The above algorithms for handling complex fields are invoked by the one or more LLMs during the generation of the navigation workflow based on their presence in the application form required to be automatically filled with relevant information. They are premised on a comprehensive understanding of the visual aspects of the form and integrate nuanced insights into the behavioral patterns of each field type.

After executing the navigation workflow using the scripting engine (e.g., the scripting engine is stored in the memory 102 and invoked for execution of the method described herein), the system 100 captures one or more subsequent screenshot(s) to handle multi-page forms effectively. By leveraging visual cues from an associated layout (e.g., say application form layout or a website layout in case of a web/online application form), it recognizes the continuation of the form and sequentially processes the user's task-requests to fill in any remaining fields.

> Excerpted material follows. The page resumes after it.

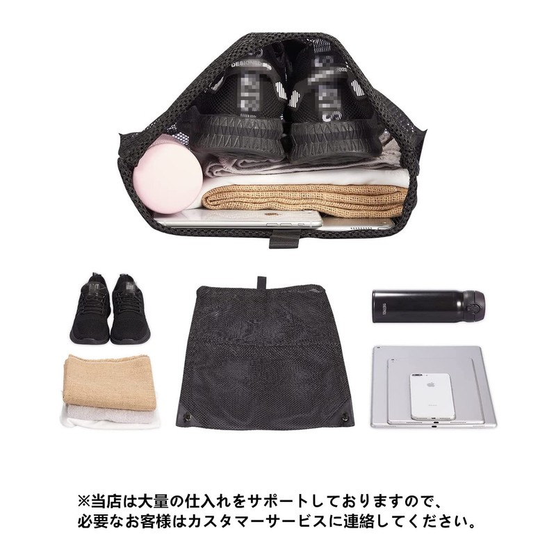 Samcos Mesh Bag, Gym Bag, Gymsack, Rucksack, Knapsack, Lightweight, Shoe Storage, Camping, Travel, Exercise, Swimming, Hot Spring Bag, Multi-functional, Black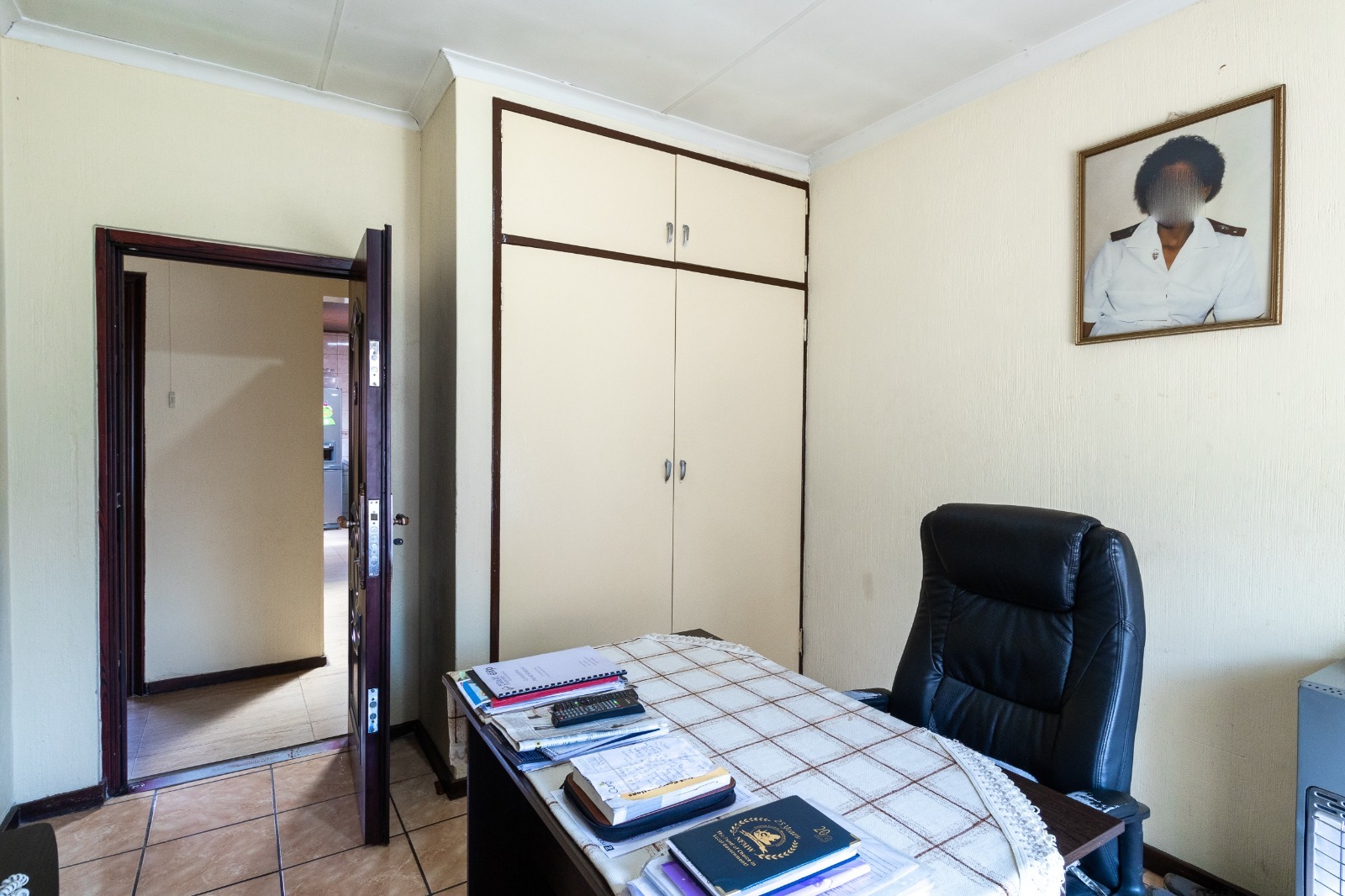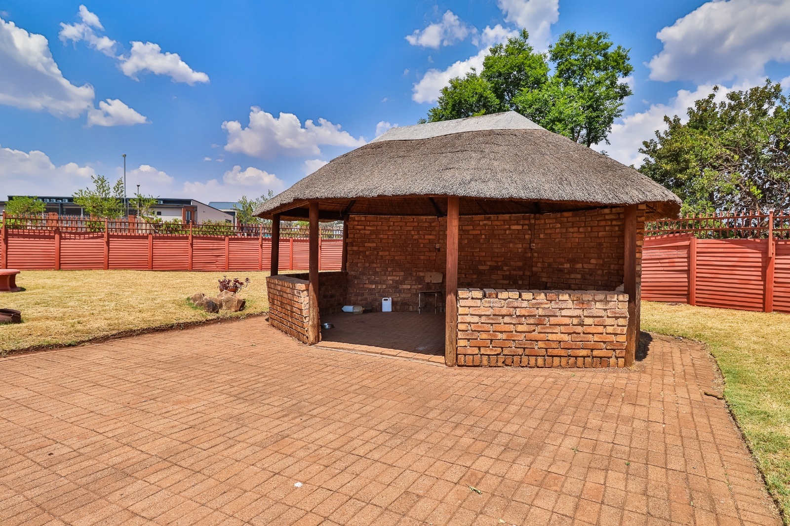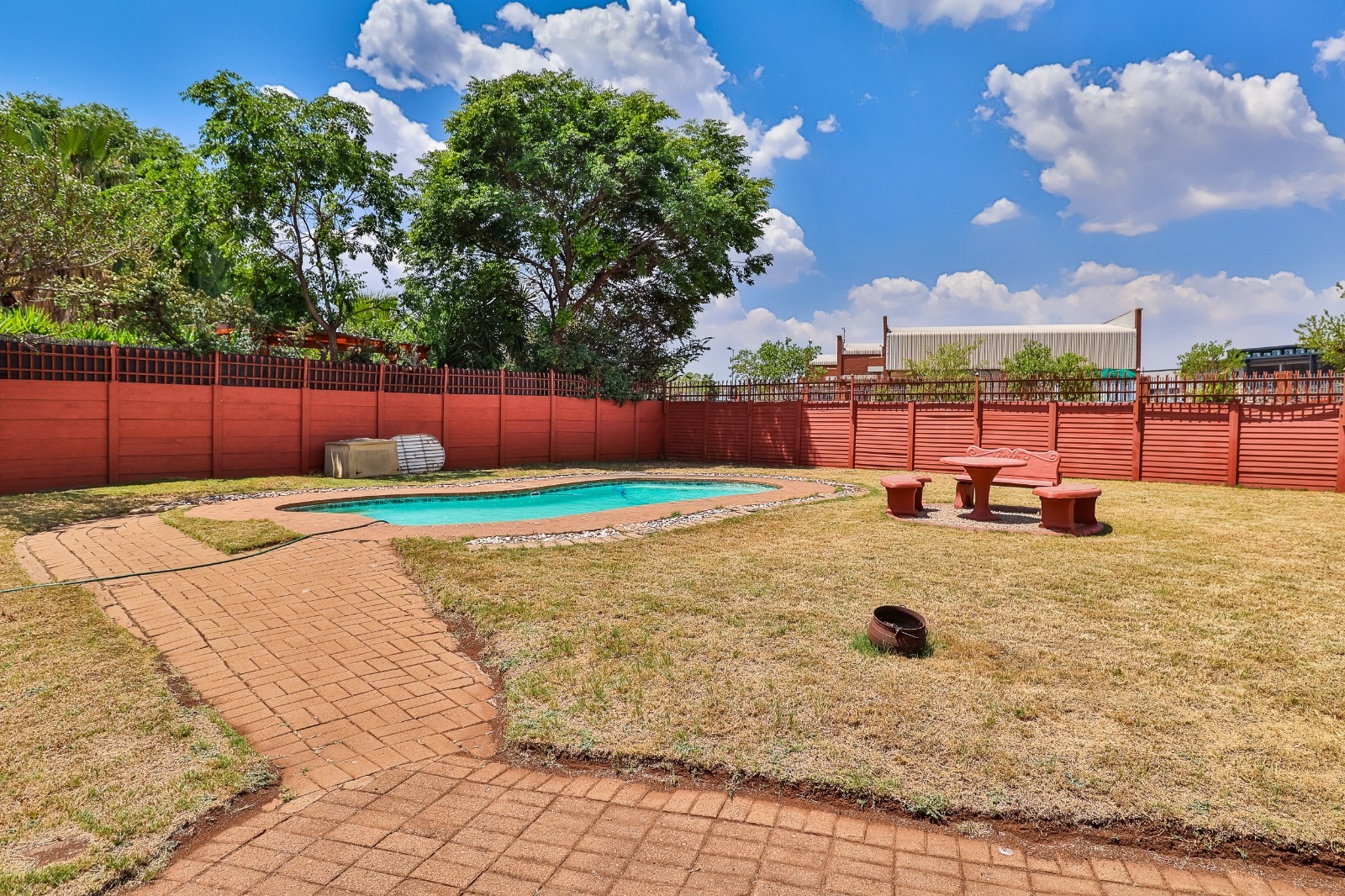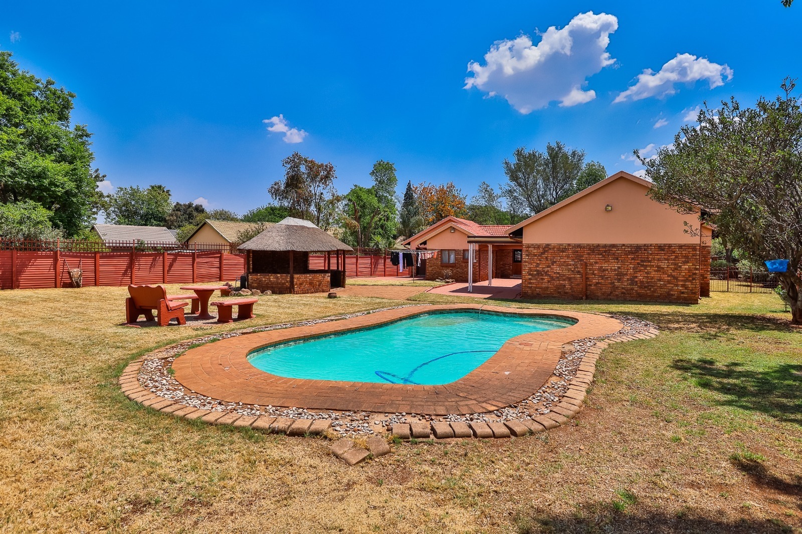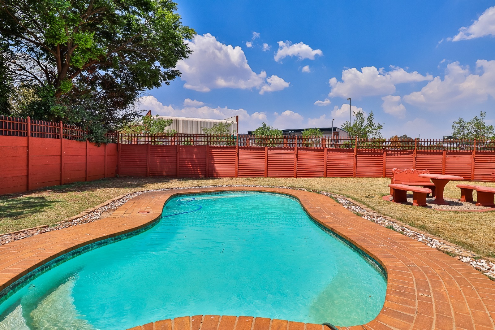 The exterior of this property is equally appealing, offering a private oasis for outdoor enjoyment. A sparkling swimming pool provides a refreshing escape during warmer months, complemented by a charming lapa – perfect for al fresco dining and entertaining. The established garden and paved areas enhance the property's appeal. Security is paramount, with features including an alarm system, access gate, security gate, burglar bars, and a fully walled perimeter, ensuring peace of mind.

Further, the one or more hardware processors 104 are configured by the instructions to extract, by using a frame difference technique, one or more feedback messages related to one or more statuses encountered during the execution of the task request. The frame difference technique is a technique to identify motion of one or more objects (e.g., UI elements in this case associated with the application form). Using this algorithm/technique, the system 100 differentiates an object/UI element moving in the application form. Background subtraction is one of the methods suitable to further improve frame differences thus increasing its effectiveness and precision. The feedback messages, obtained using a text-extractor, can address network connectivity issues, missing fields, and/or successful submissions. By logging these feedback messages into a status queue, the system 100 facilitates analysis and improves the user experience.

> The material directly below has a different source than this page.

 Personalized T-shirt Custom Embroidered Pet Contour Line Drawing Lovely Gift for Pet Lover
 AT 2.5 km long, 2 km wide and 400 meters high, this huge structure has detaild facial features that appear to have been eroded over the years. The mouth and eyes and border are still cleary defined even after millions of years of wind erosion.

The system 100 of the present disclosure is also configured to handle dynamic fields. For such scenarios, an iterative approach is implemented by the system 100 for managing dynamic fields within a website/offline application form, which differ from static fields in that their appearance depends on the values entered in preceding fields. The method of the present disclosure operates by populating one field at a time and capturing screenshot of the current application page status. The system 100 then conducts visual analysis on the captured screenshot to determine the next field to be filled. This involves extracting all form elements, identifying unfilled fields, and selecting the highest unfilled form element on the page. Subsequently, a layout mapping is established between this selected field and the corresponding user-task request value. PyAutoGUI is then generated by the Language Model (LLM) to populate the data field. This process continues iteratively as the system 100 executes the action, extracts the subsequent field to be filled, thereby facilitating dynamic field handling seamlessly.

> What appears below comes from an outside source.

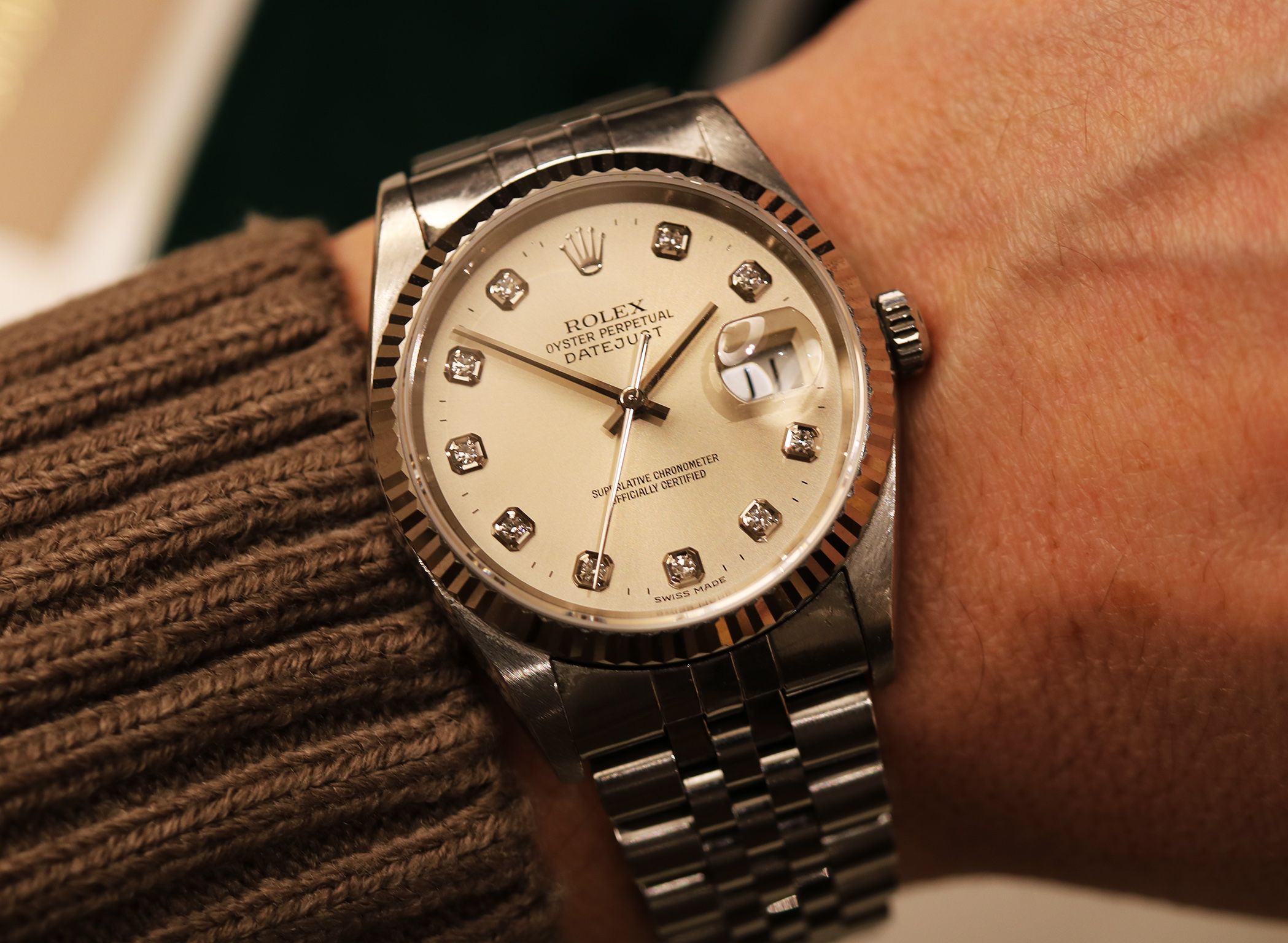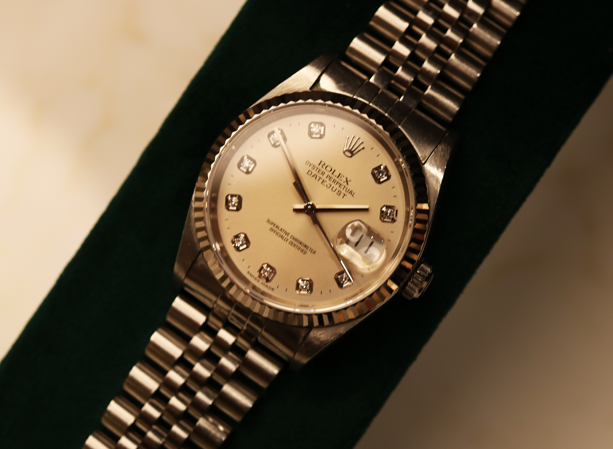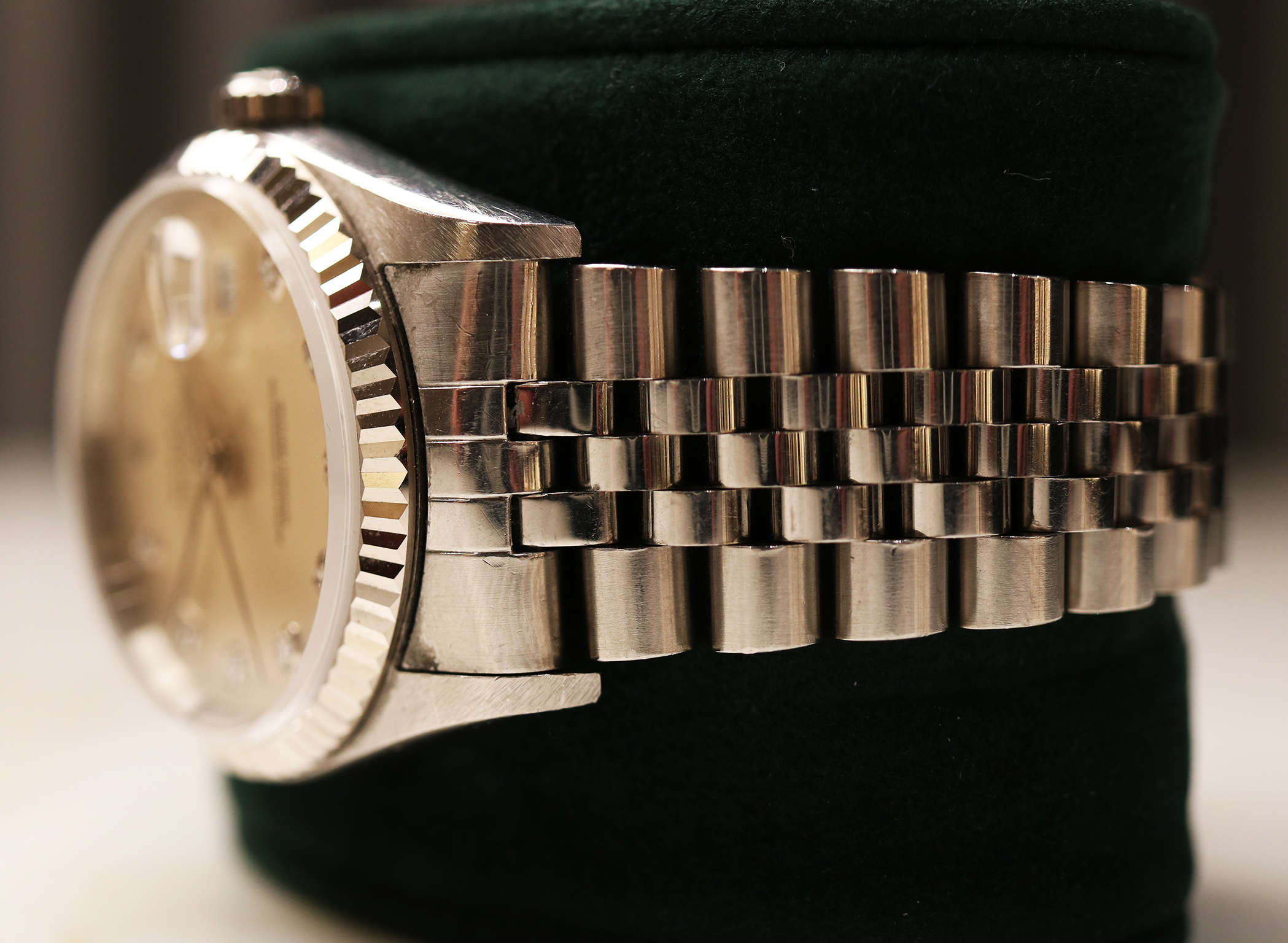 Questo esemplare si distingue per il quadrante argenté con indici in diamanti, una combinazione che conferisce luminosità e prestigio all’orologio mantenendo al tempo stesso un’estetica estremamente equilibrata. Gli indici in diamanti applicati catturano la luce con eleganza, impreziosendo il quadrante senza rinunciare alla tipica sobrietà Rolex.

The system 100 of the present disclosure is further configured to handle scrollable forms. In the context of scrollable forms, the method, and the system 100 of the present disclosure are augmented through an iterative procedure involving incremental webpage/offline application form scrolling by a few pixels. By scrutinizing the frame differential data using vision-based techniques between two screenshots, namely the state before and after scrolling, it is possible to identify the initial field requiring input, mirroring the methodology employed for addressing dynamic fields in the system 100.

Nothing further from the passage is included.